■ **REQUIRED ACTION**: In the records below, repeat word for word only the lines starting at the one that contains "camouflage quilted jacket" and ending at the one that contains "White Pure Cotton", pictures excluded.

■ **EXERCISE DATA**:
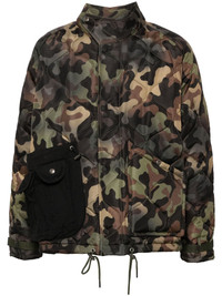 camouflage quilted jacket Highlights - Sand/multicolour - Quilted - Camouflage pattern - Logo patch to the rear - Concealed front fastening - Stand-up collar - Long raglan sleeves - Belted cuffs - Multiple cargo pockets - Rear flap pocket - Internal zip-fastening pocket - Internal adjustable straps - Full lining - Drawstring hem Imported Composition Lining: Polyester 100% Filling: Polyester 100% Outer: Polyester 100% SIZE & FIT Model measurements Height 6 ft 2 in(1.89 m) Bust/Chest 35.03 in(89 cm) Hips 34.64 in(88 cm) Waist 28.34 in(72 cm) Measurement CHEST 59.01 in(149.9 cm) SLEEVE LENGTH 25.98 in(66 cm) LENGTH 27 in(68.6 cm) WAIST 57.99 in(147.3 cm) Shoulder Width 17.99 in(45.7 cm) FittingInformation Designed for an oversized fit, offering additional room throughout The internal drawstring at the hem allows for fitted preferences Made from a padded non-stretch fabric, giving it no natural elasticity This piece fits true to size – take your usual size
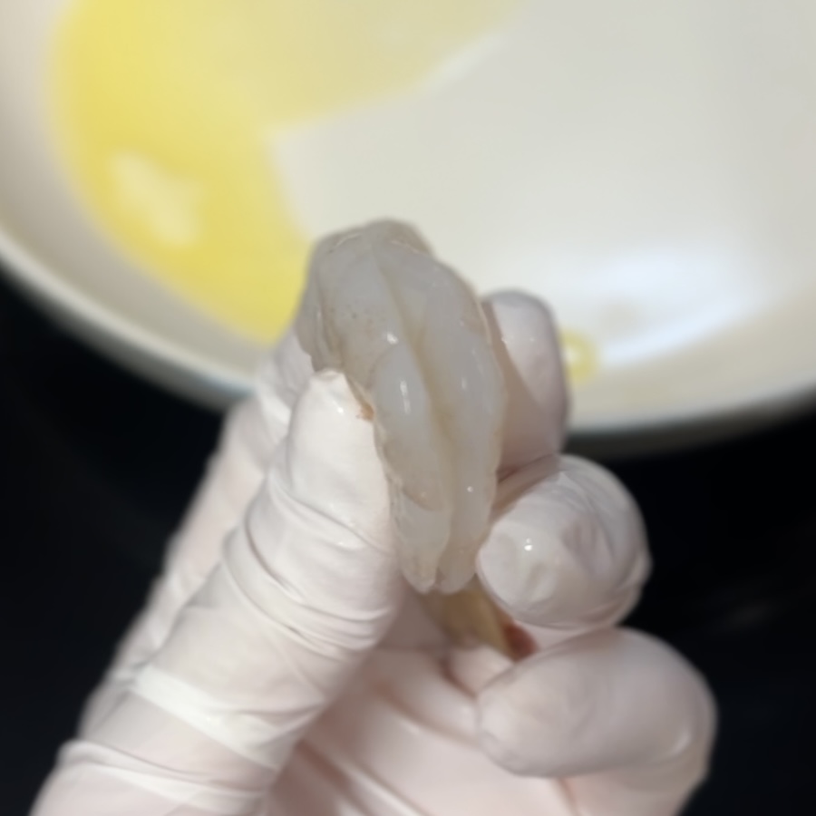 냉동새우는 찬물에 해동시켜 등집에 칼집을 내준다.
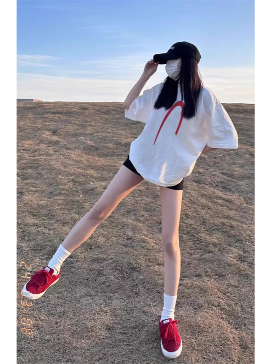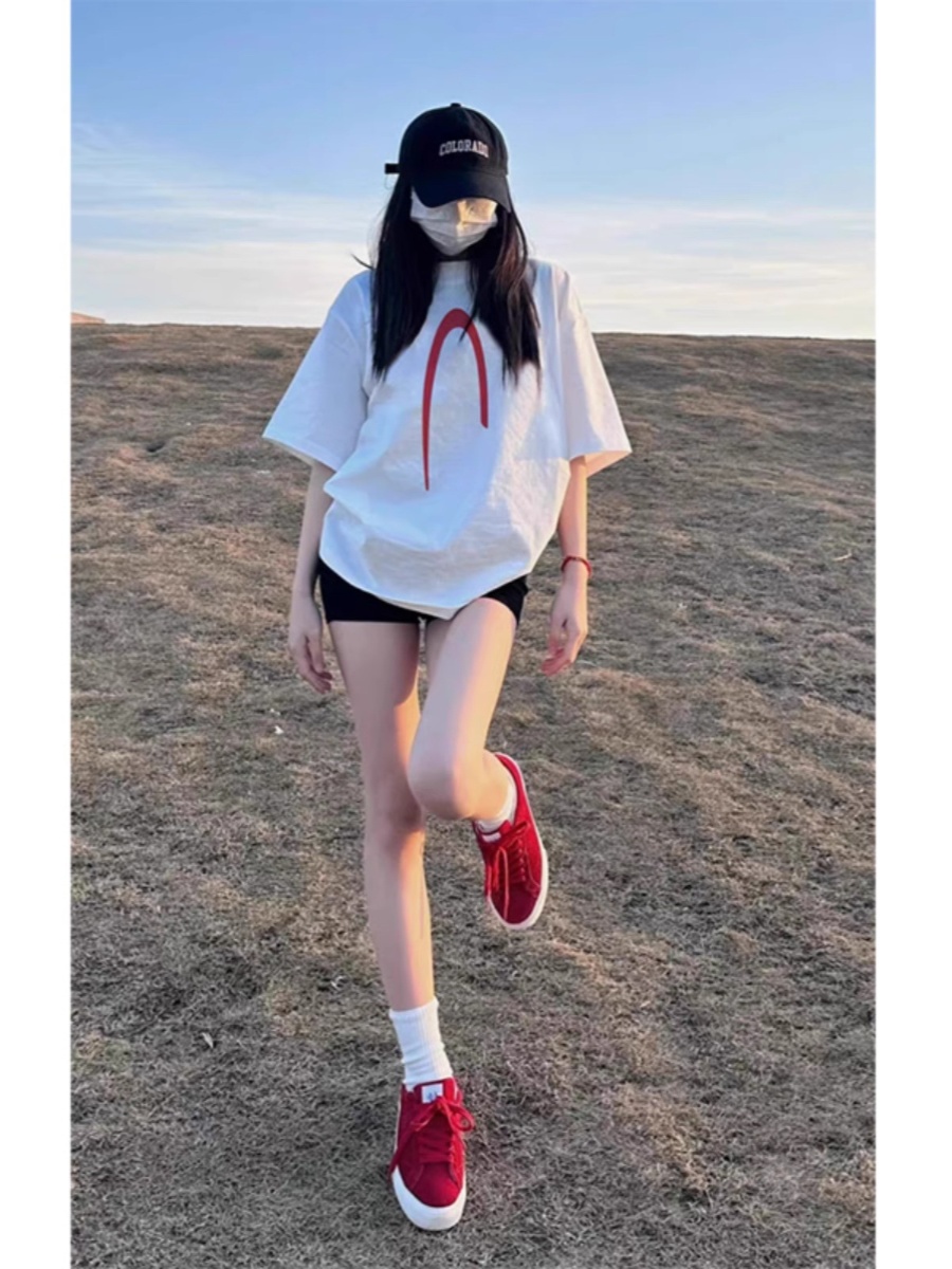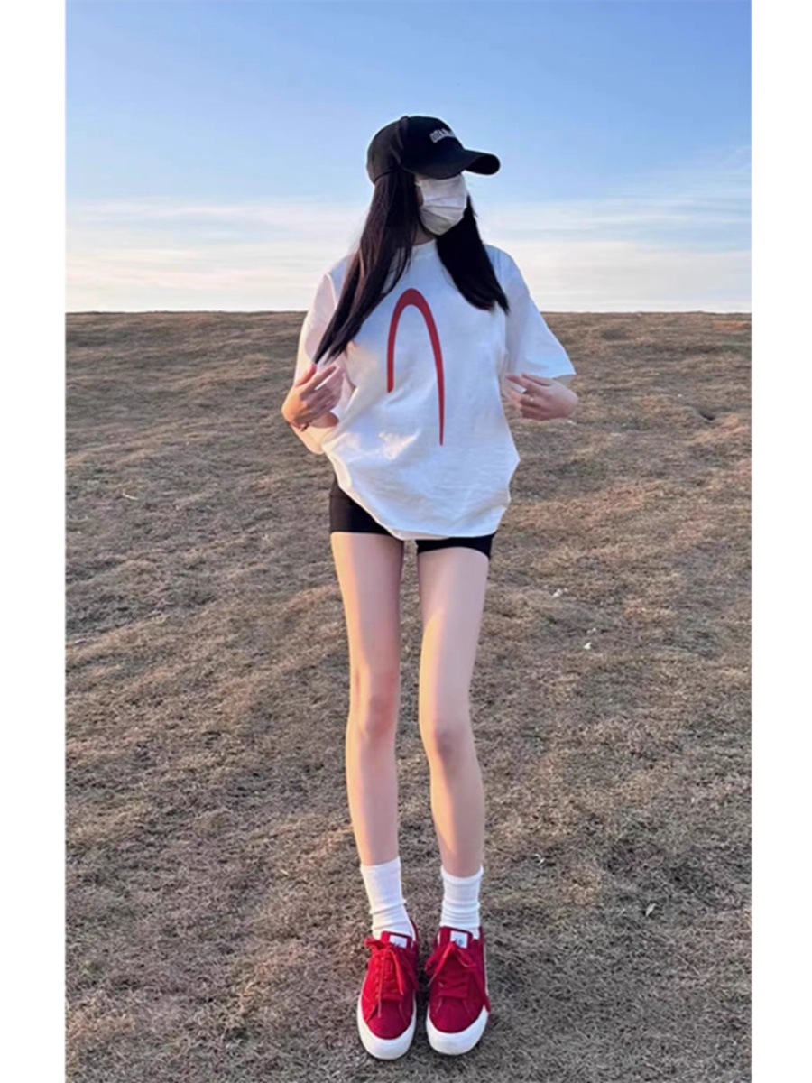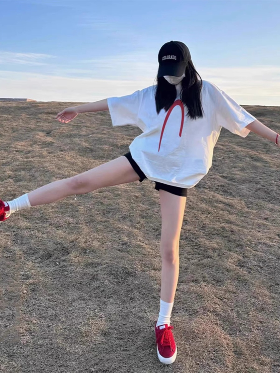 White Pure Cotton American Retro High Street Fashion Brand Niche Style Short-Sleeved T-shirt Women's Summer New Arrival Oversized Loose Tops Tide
---
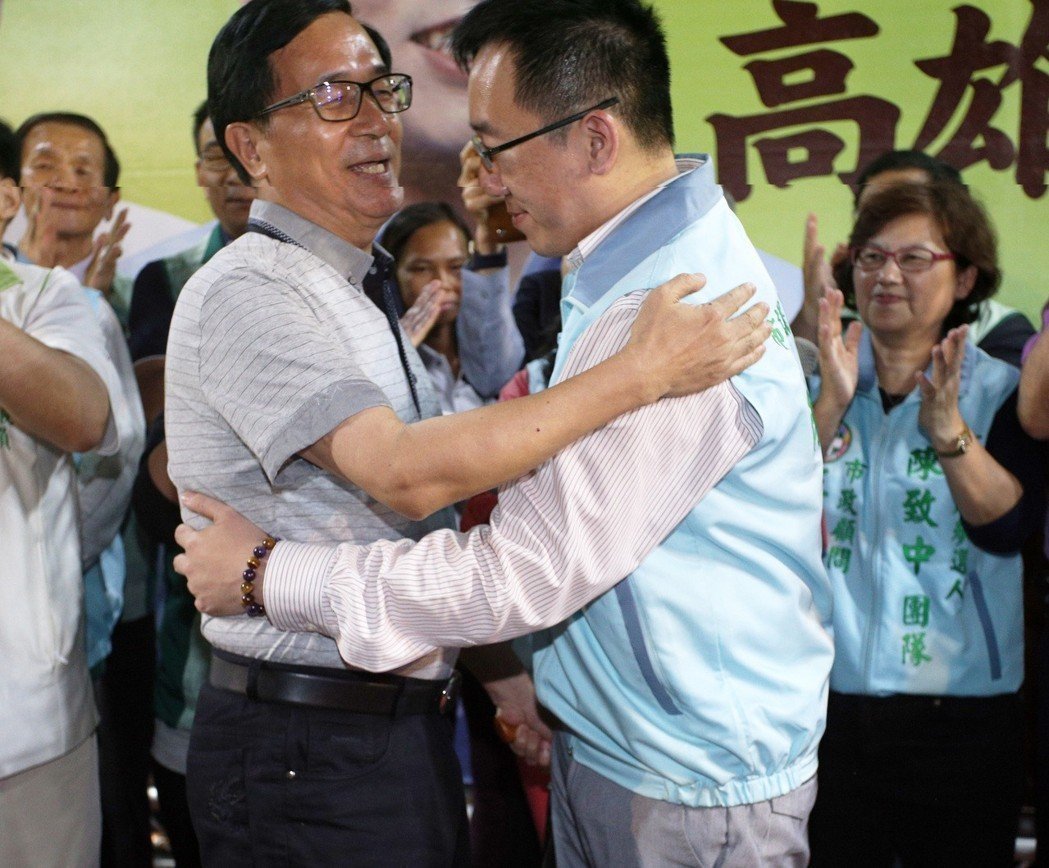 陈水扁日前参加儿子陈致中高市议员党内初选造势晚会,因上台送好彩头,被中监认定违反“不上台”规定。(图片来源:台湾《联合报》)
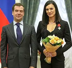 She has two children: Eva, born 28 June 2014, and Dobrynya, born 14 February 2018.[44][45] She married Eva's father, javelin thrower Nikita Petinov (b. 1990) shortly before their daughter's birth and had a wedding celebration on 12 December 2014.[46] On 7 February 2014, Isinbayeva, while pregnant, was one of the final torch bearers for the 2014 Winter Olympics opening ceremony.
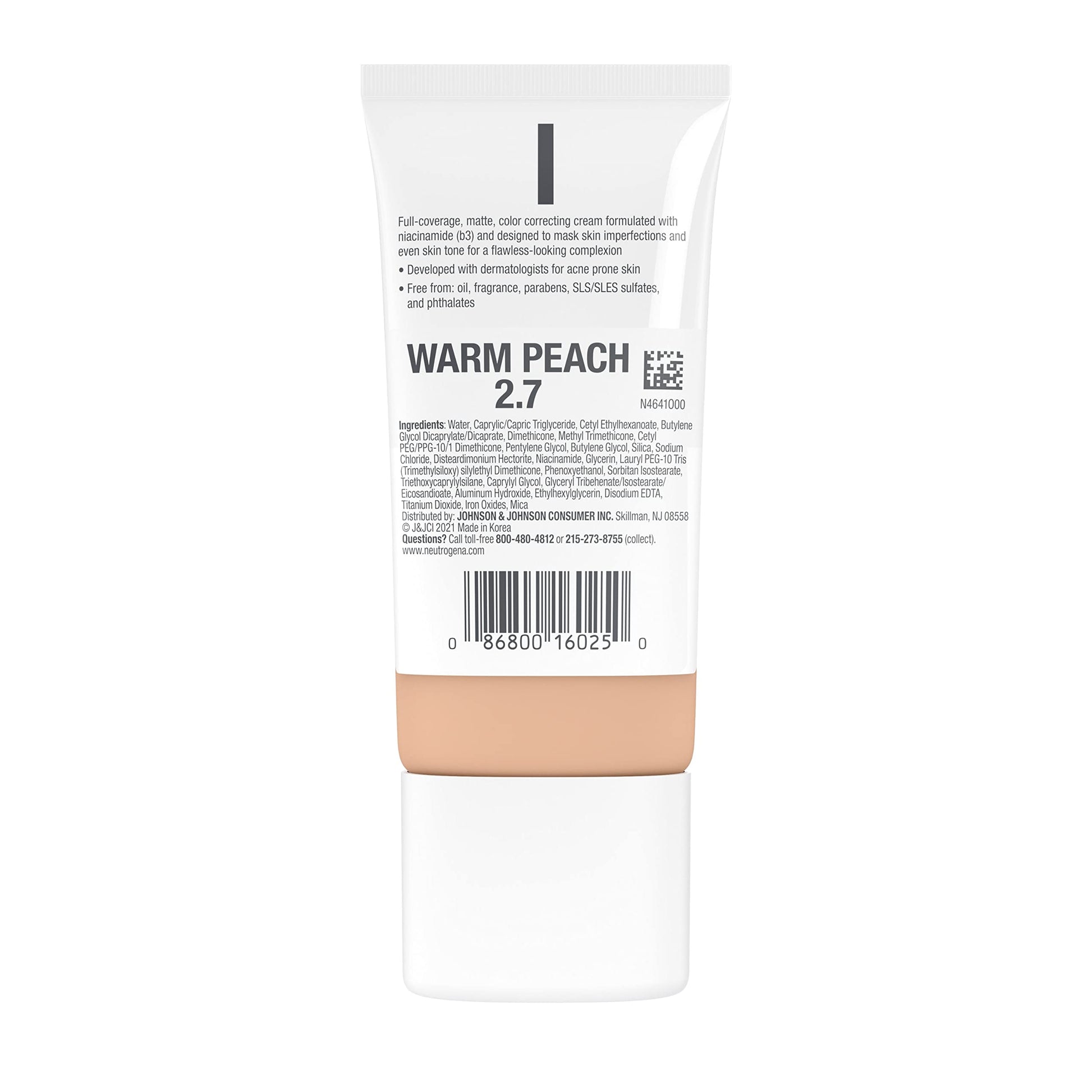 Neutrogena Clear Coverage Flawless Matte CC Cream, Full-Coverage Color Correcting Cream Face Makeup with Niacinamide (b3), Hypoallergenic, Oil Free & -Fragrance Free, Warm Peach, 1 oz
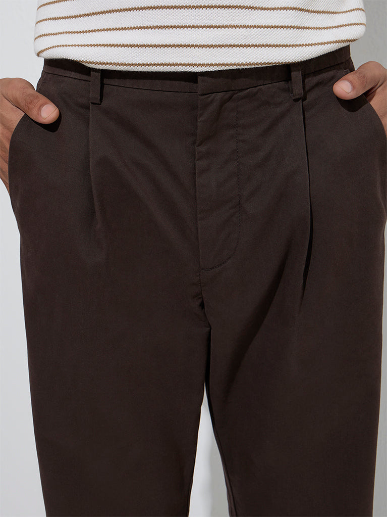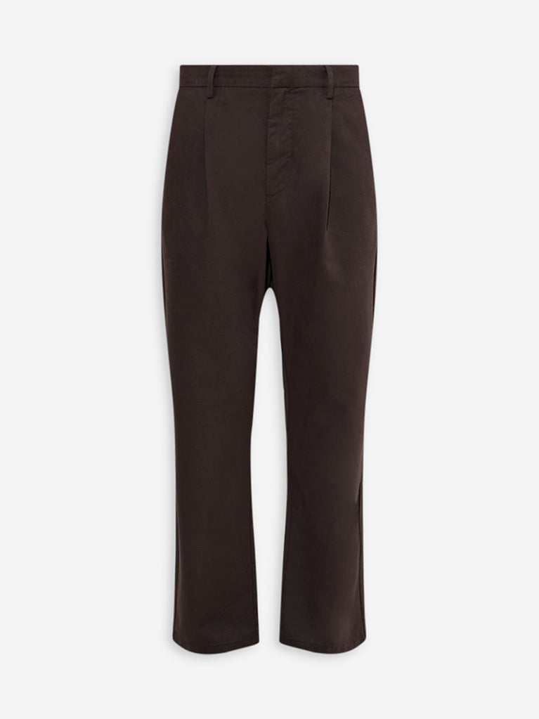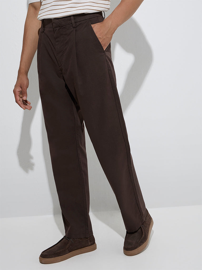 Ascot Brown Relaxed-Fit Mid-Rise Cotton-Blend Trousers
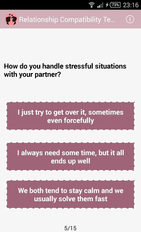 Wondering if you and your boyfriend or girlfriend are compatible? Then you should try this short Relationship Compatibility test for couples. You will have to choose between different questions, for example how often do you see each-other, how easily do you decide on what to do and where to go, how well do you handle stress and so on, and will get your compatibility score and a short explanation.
==
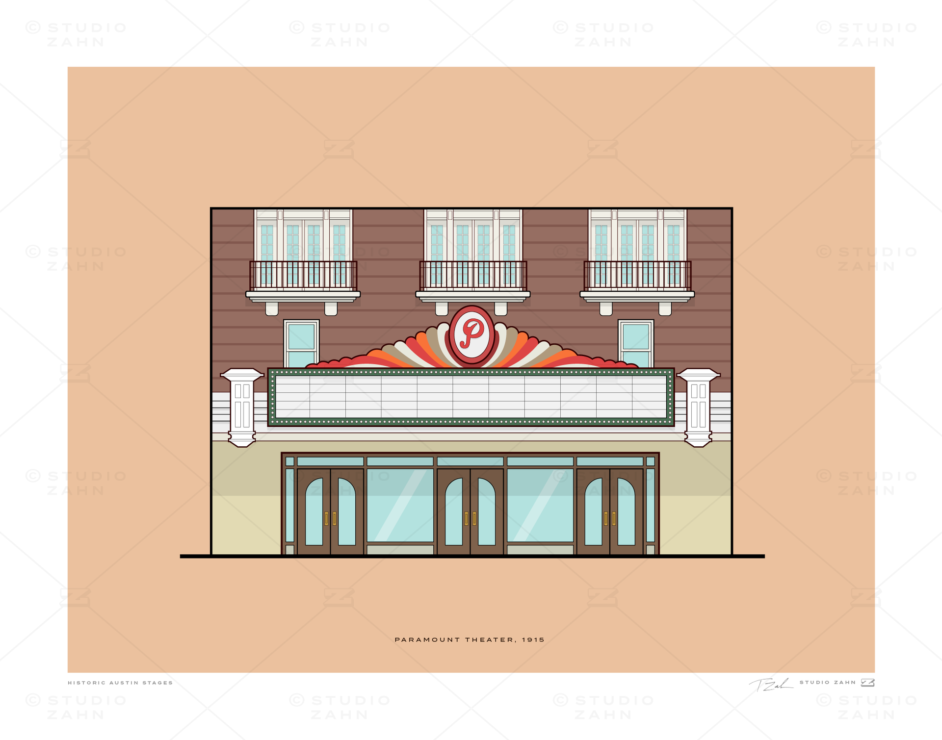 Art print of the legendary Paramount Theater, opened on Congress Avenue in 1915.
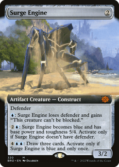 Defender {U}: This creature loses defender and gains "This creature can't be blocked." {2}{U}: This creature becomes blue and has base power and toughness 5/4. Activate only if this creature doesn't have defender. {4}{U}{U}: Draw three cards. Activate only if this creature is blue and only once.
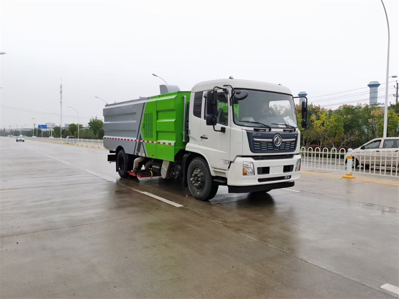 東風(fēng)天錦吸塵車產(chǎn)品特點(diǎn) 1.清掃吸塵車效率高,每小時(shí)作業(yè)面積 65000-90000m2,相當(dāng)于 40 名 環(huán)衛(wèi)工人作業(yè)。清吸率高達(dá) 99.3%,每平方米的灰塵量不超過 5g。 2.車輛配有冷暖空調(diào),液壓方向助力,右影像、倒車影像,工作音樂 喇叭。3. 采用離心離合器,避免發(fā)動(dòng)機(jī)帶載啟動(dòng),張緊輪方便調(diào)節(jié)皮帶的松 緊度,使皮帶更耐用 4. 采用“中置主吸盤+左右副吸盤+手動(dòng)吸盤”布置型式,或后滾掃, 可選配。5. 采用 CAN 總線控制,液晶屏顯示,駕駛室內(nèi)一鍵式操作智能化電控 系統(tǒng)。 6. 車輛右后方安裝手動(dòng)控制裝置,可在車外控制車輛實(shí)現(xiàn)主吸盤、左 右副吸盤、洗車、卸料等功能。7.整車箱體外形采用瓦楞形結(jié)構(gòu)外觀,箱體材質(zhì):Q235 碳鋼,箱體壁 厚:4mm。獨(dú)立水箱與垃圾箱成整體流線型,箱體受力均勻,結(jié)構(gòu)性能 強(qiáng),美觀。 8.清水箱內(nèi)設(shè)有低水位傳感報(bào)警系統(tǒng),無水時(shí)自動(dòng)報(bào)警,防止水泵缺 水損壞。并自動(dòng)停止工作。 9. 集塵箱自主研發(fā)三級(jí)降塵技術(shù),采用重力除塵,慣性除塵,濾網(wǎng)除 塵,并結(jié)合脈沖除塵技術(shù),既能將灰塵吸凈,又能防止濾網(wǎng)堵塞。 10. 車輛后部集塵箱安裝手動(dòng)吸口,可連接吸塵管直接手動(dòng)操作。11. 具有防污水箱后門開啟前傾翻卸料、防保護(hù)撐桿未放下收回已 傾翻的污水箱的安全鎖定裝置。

■ **WRITTEN RESPONSE**:
 camouflage quilted jacket Highlights - Sand/multicolour - Quilted - Camouflage pattern - Logo patch to the rear - Concealed front fastening - Stand-up collar - Long raglan sleeves - Belted cuffs - Multiple cargo pockets - Rear flap pocket - Internal zip-fastening pocket - Internal adjustable straps - Full lining - Drawstring hem Imported Composition Lining: Polyester 100% Filling: Polyester 100% Outer: Polyester 100% SIZE & FIT Model measurements Height 6 ft 2 in(1.89 m) Bust/Chest 35.03 in(89 cm) Hips 34.64 in(88 cm) Waist 28.34 in(72 cm) Measurement CHEST 59.01 in(149.9 cm) SLEEVE LENGTH 25.98 in(66 cm) LENGTH 27 in(68.6 cm) WAIST 57.99 in(147.3 cm) Shoulder Width 17.99 in(45.7 cm) FittingInformation Designed for an oversized fit, offering additional room throughout The internal drawstring at the hem allows for fitted preferences Made from a padded non-stretch fabric, giving it no natural elasticity This piece fits true to size – take your usual size
 냉동새우는 찬물에 해동시켜 등집에 칼집을 내준다.
 White Pure Cotton American Retro High Street Fashion Brand Niche Style Short-Sleeved T-shirt Women's Summer New Arrival Oversized Loose Tops Tide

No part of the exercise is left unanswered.